# Mud Vs. Cold



## d's (Mar 16, 2008)

It's that time of year, especially in Canada, where we start running into drying delays and moisture problems.

Anyone have any favorite tips for getting mud to dry during fall and winter?

I use setting compounds for all my 1st coating. This year I'm going to suggest that builders get their exhaust fans or ventilation units wired for use. You can't beat a functioning in-floor radiant heat system with the windows cracked for drying a place out in my opinion!

D's


----------



## Preacher17 (Sep 1, 2008)

Heaters and fans... That I bring in.....


----------



## AARC Drywall (May 11, 2008)

We have the same problems...no heat...no work....plain and simple.
in some cases we will put the tapes and beads on but thats it untill we get heat. But yet its our fault that things are not moving along on the site, after continious bitching for heat from us...where is the justic.


----------



## Brocktologist (Sep 16, 2008)

I use a the orange tilting barn fans from HD and they work well as long as it's above freezing.
Maybe Tim can post the link of the heaters he uses.


----------



## Preacher17 (Sep 1, 2008)

AARC you looking to stay busy all winter up there?


----------



## Adam in BC (Aug 28, 2008)

AARC Drywall said:


> We have the same problems...no heat...no work....plain and simple.
> in some cases we will put the tapes and beads on but thats it untill we get heat. But yet its our fault that things are not moving along on the site, after continious bitching for heat from us...where is the justic.


 
Hey AARC , No heat no work is right ! If your mud freezes hard before it dries things go from bad to worse in a hurry. the mud turns so soft that it is almost imposible to sand, not to mention it doesnt shrink in untill the next summer.

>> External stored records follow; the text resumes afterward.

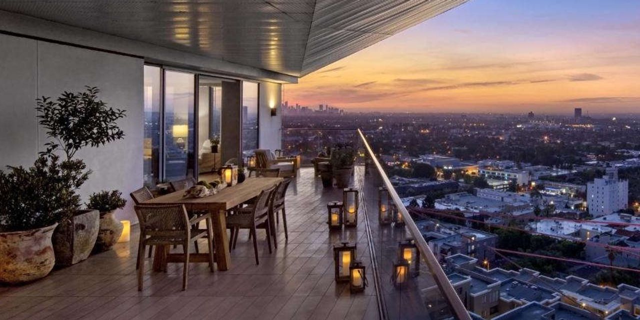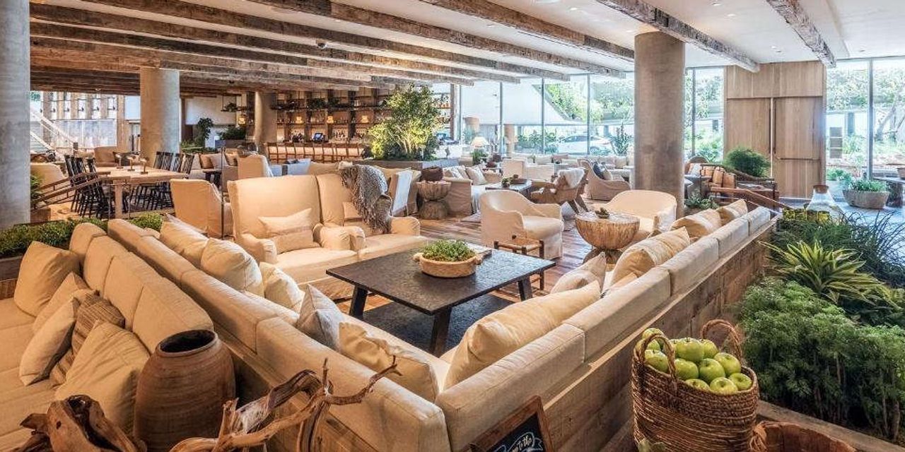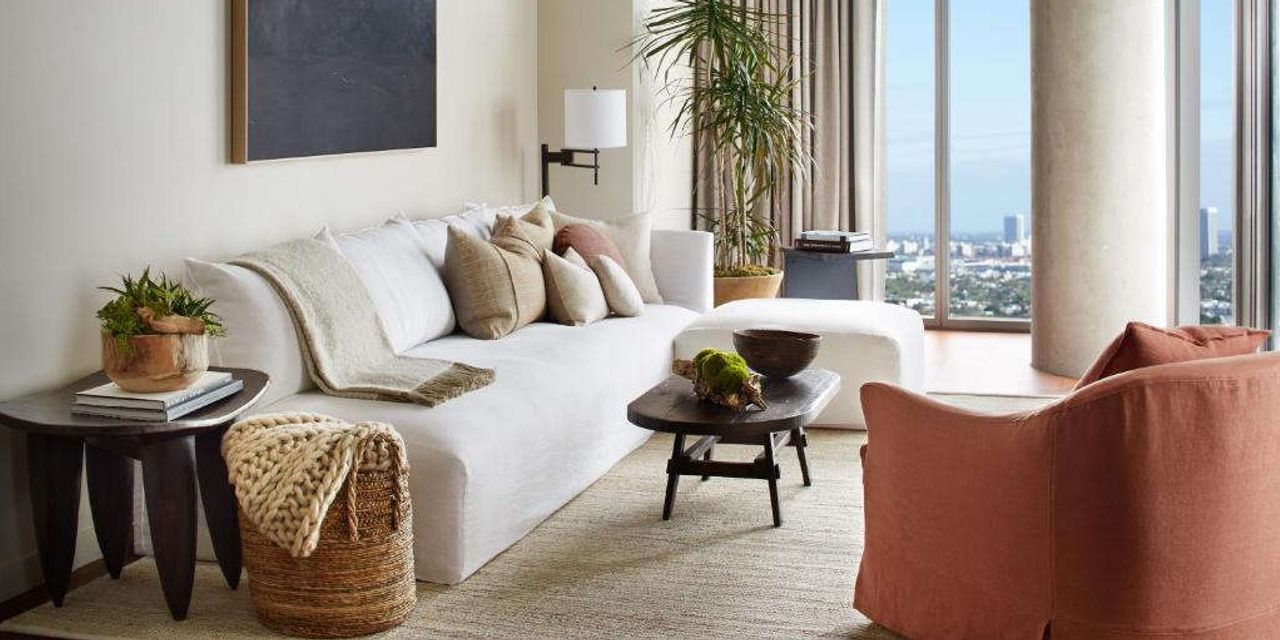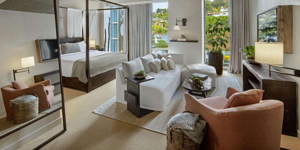 Бетонный фасад отеля, утопающий в пышной тропической зелени, свежо выделяется среди окружающих рекламных щитов. Войдя в вестибюль нижнего уровня – с открытыми деревянными балками на потолке, натуральными тканями природных тонов на диванах и массивной неполированной столешницей лобби-бара, чувствуешь себя так, словно оказался далеко от кипучего Лос-Анджелеса. Внутри растений ещё больше – есть коллекционные экземпляры, которым обеспечен идеальный уход.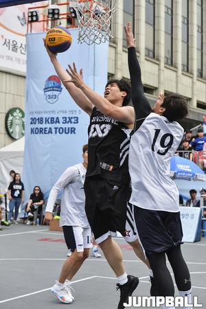 [점프볼=서울마당/홍기웅 기자] 9일 서울마당에서 열린 2018 KBA 3X3 코리아투어 최강전(FINAL) 오픈부 A코트 남일건설 - DSB 경기. DSB가 골밑에서 동료에게 패스를 건네고 있다.
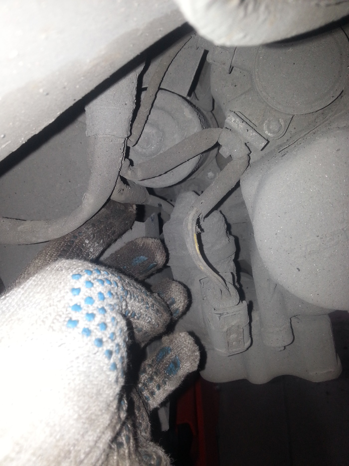 С ABS закончили. Теперь будем разбираться с коробкой. Тут тоже есть болезнь и болезнь эта заключается в перетирании жгута проводов о пластиковую защиту. Жгут проводов проходит по левой стороне, ближе к моторному щиту. Хорошо просматривается с ямы/подъемника или при открученном заднем левом колесе.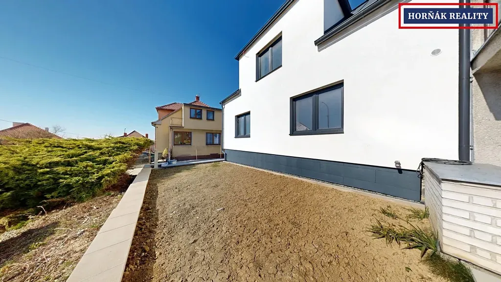 Dům, zahrada a celkové okolí domu tvoří bydlení klasického městského střihu ve městě s veškerou občanskou vybaveností, dostupnou pěší chůzí, s výbornou dopravní dojezdností do Brna jak autem, vlakem či autobusem v rámci IDS.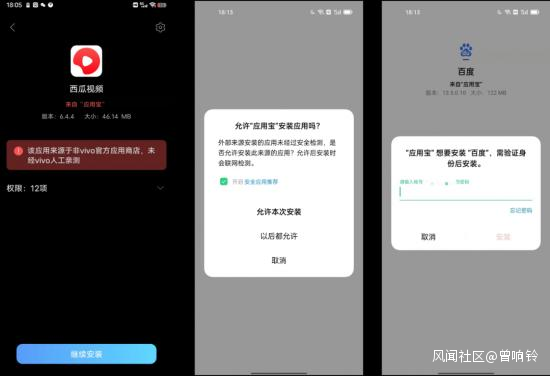 例如使用應用寶下載西瓜視頻或百度,vivo手機頁面會彈出提醒:“該應用來源於非vivo官方應用商店,未經vivo人工親測”。而OPPO手機除了彈窗提醒“未經安全檢測”之外,還需要驗證OPPO賬號的密碼才可以安裝。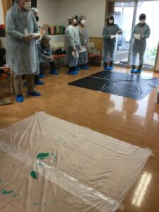 今回の職員OFF-JT研修では、感染症予防対策をテーマに、嘔吐物処理の方法について学びました。
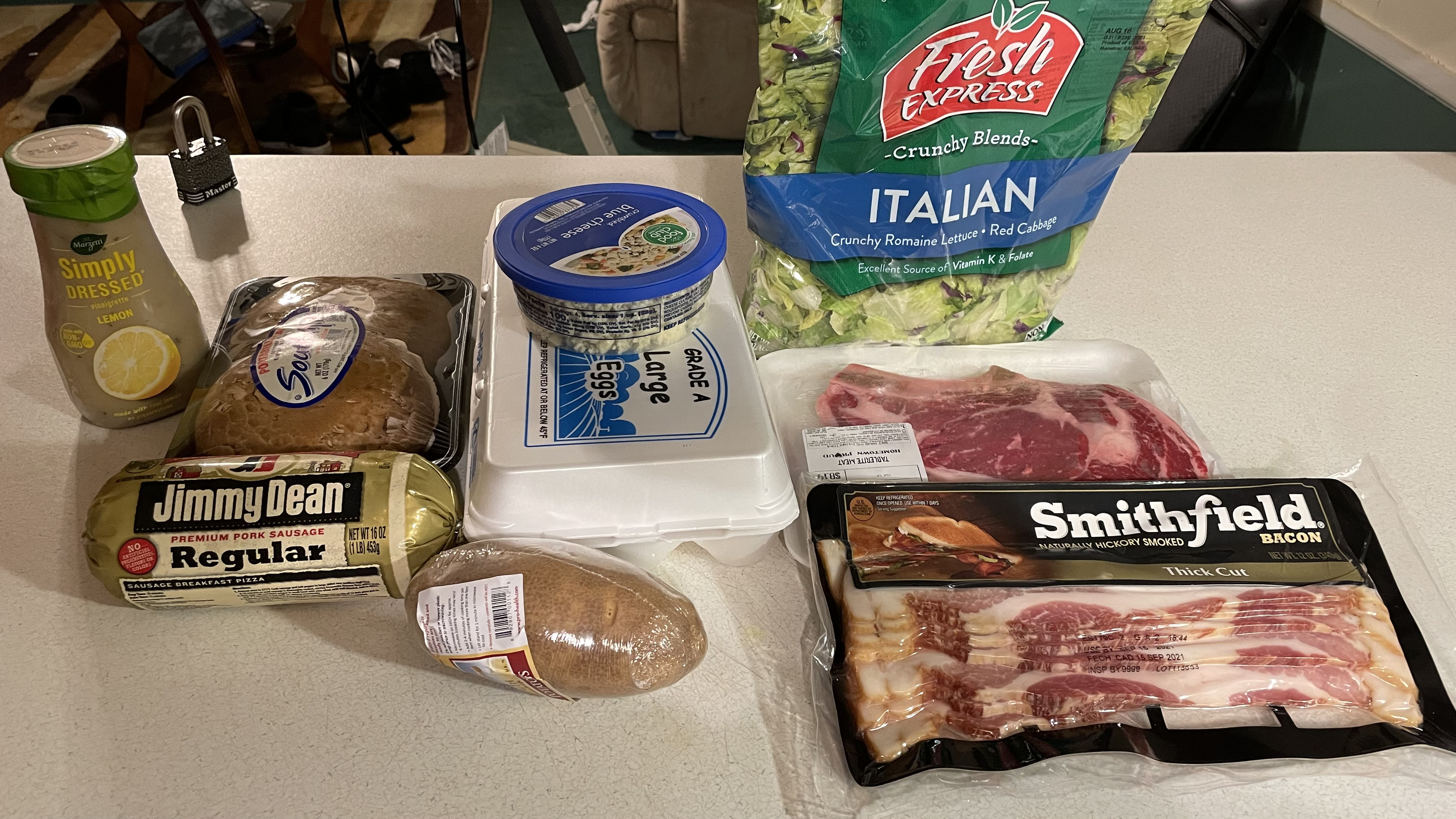I have a question. Does this look like $50 worth of groceries to anyone? I remember the days when there was a lot more in your grocery basket when you spent $50. I have not treated myself to a steak in a long while. This year, they cost twice what they did last year. I have been refusing to pay what they are asking. The steak in the picture just happened to cost half of what they usually cost.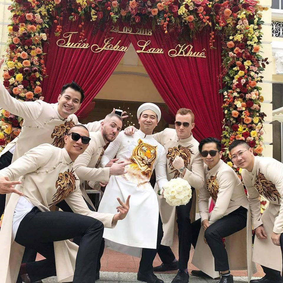 Dàn phù rể của doanh nhân John Tuấn Nguyễn cũng toàn các chàng trai đẹp.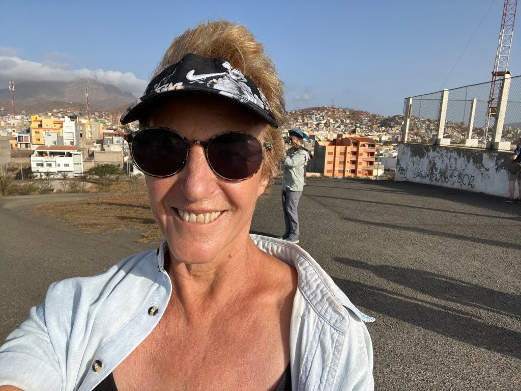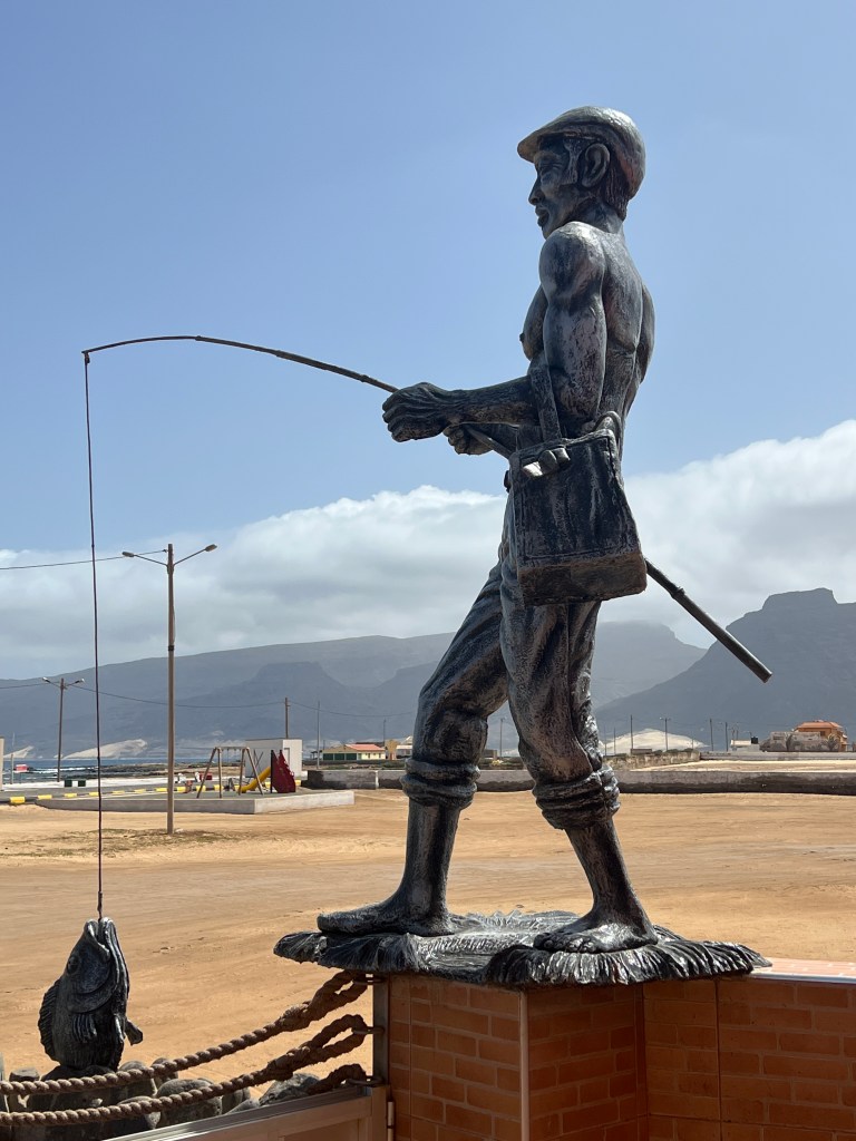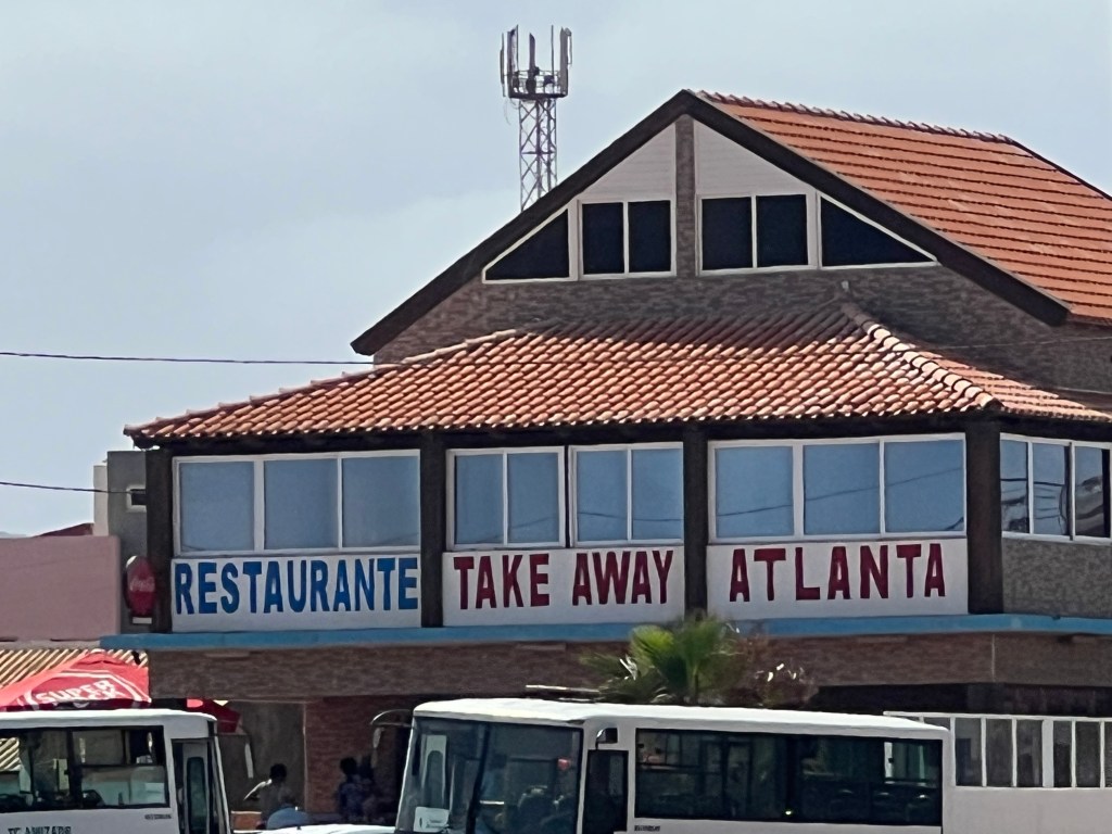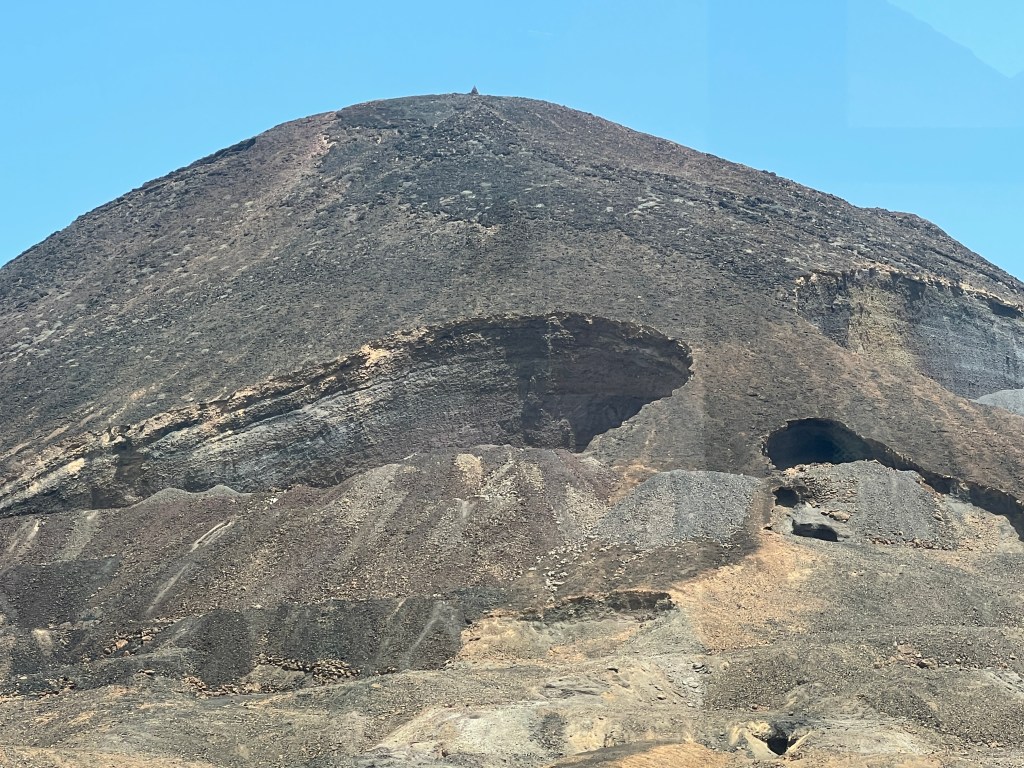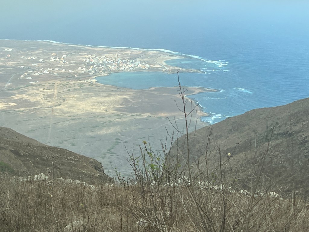 The beach was pretty far below our stop and it was a short stop, so no one walked down. We could see the stark contrast between the beautiful blue sea, the volcanic rock and the white sand beaches. Many of the beaches are grainy and gray but not this one. The white sand was blown here from the Sahara desert, it is not natural to Cape Verde!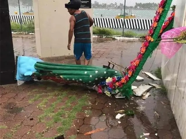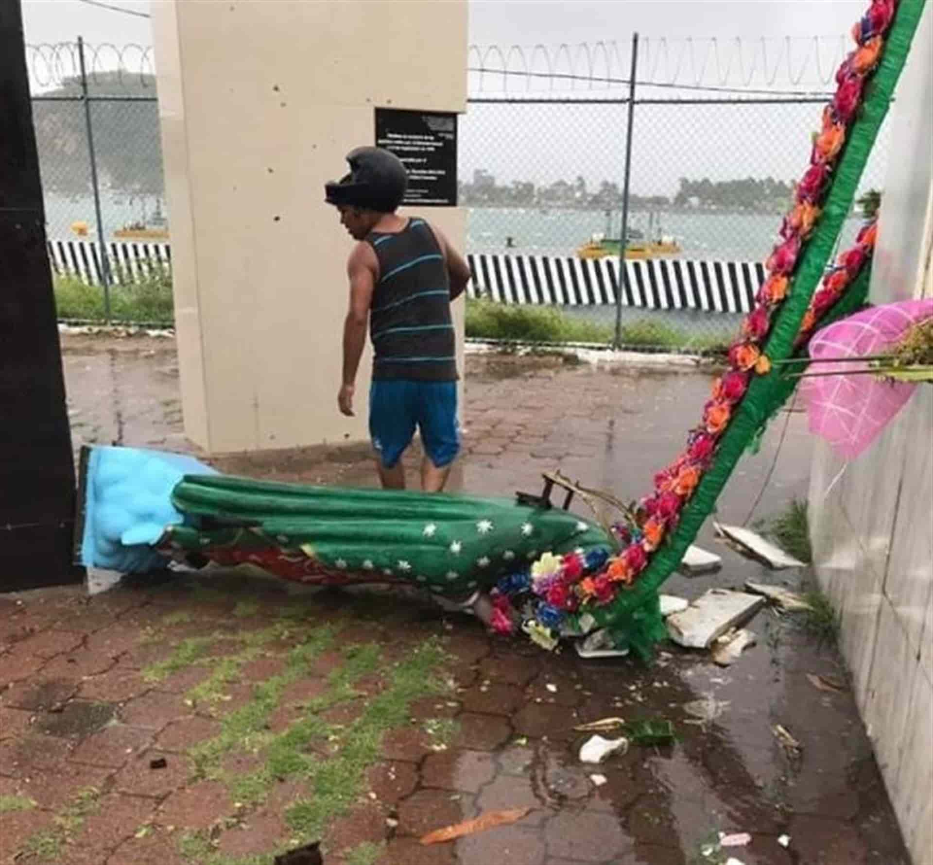 La figura de la Virgen que se erigió y se le da dones de protección contra huracanes, para que ofrezca buenas capturas de pesca y en memoria de los pescadores fallecidos en el mar, cayó boca abajo en la pérgola del lugar.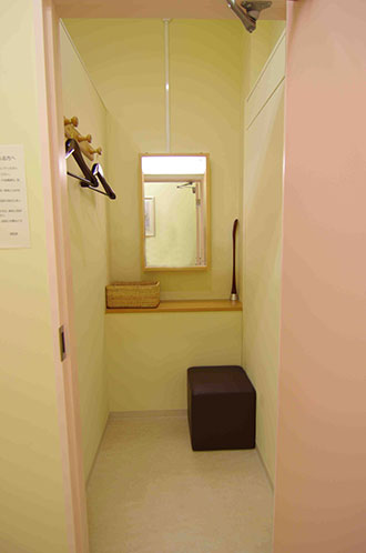 乳房は丸みを帯びているため、プラスチック板とフィルム支持台で乳房を挟み、均等な厚みにすることで乳腺の重なりを減らし、病変部の描出能を向上させ、少ないエックス線量で撮影することが可能となります。原則として2方向で撮影します。また撮影乳房は、症状がある側(検測)だけでなく、症状がない対側乳房も撮影します。通常のレントゲン撮影と異なり、軟エックス線を用いて撮影するため、髪の毛や薄い衣服なども障害陰影となるため、当院では基本的に上半身は裸の状態で撮影します。撮影時に髪が写り込む可能性がある時は髪をまとめていただくことがあります。また清涼パウダーボディー用ファンデーションなどはマンモグラフィでは障害陰影となる場合がありますので、ご使用をお控えください。検査において乳房の厚みを均一にして固定するため、痛みを伴う場合があり、全く痛みを感じない方、強く痛みを感じる方、人それぞれです。

On A side note though, I have stopped providing heaters for my customers, a builder here burnt down a 2 million dollar house with a 220 electric heater 2 days before I was to start boarding it. lucky it was his heater and not mine, but this did get me to thinking. If I had lent or rented him that heater the insurance company would have been after me for liability, 
My sollution, they supply the heat, and I suggest they have the electrician wire it up as soon as the lids are boarded.


----------



## raven2006 (Dec 19, 2006)

It says right on the box of mud the min temperature that is needed. Circle this and place it next to a giant thermometer in the house..


----------



## Preacher17 (Sep 1, 2008)

Adam in BC said:


> Hey AARC , No heat no work is right ! If your mud freezes hard before it dries things go from bad to worse in a hurry. the mud turns so soft that it is almost imposible to sand, not to mention it doesnt shrink in untill the next summer.
> 
> On A side note though, I have stopped providing heaters for my customers, a builder here burnt down a 2 million dollar house with a 220 electric heater 2 days before I was to start boarding it. lucky it was his heater and not mine, but this did get me to thinking. If I had lent or rented him that heater the insurance company would have been after me for liability,
> My sollution, they supply the heat, and I suggest they have the electrician wire it up as soon as the lids are boarded.


Are you for real? We have always supplied our own heat we just get the electrician to put in a dryer plug (220) so we can bring our heater.... I will have to look at liability insurance seeing its our heater..... Thanks



raven2006 said:


> It says right on the box of mud the min temperature that is needed. Circle this and place it next to a giant thermometer in the house..


Thanks Raven I have never actuall looked at or read the boxes of mud...


----------